PROBLEM STATEMENT = Lines that include the string "with" are the ones to copy from the entries below.

DATA FOR ANALYSIS =
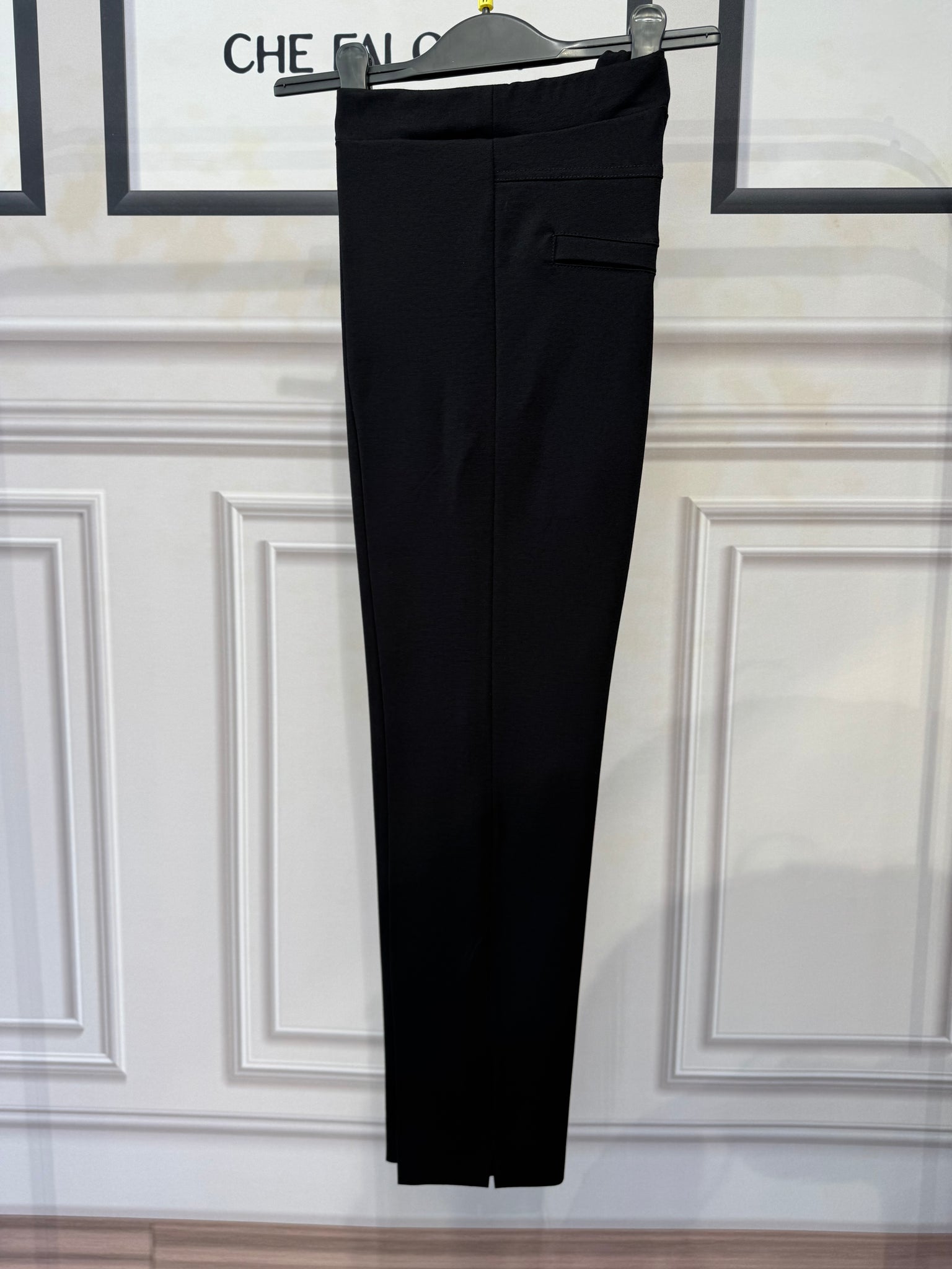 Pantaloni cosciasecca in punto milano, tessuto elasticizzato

* * *

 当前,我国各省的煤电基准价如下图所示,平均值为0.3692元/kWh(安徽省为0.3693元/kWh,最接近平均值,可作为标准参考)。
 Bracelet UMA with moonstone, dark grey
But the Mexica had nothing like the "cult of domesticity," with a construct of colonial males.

SOLUTION TO THIS EXERCISE =
 Bracelet UMA with moonstone, dark grey
But the Mexica had nothing like the "cult of domesticity," with a construct of colonial males.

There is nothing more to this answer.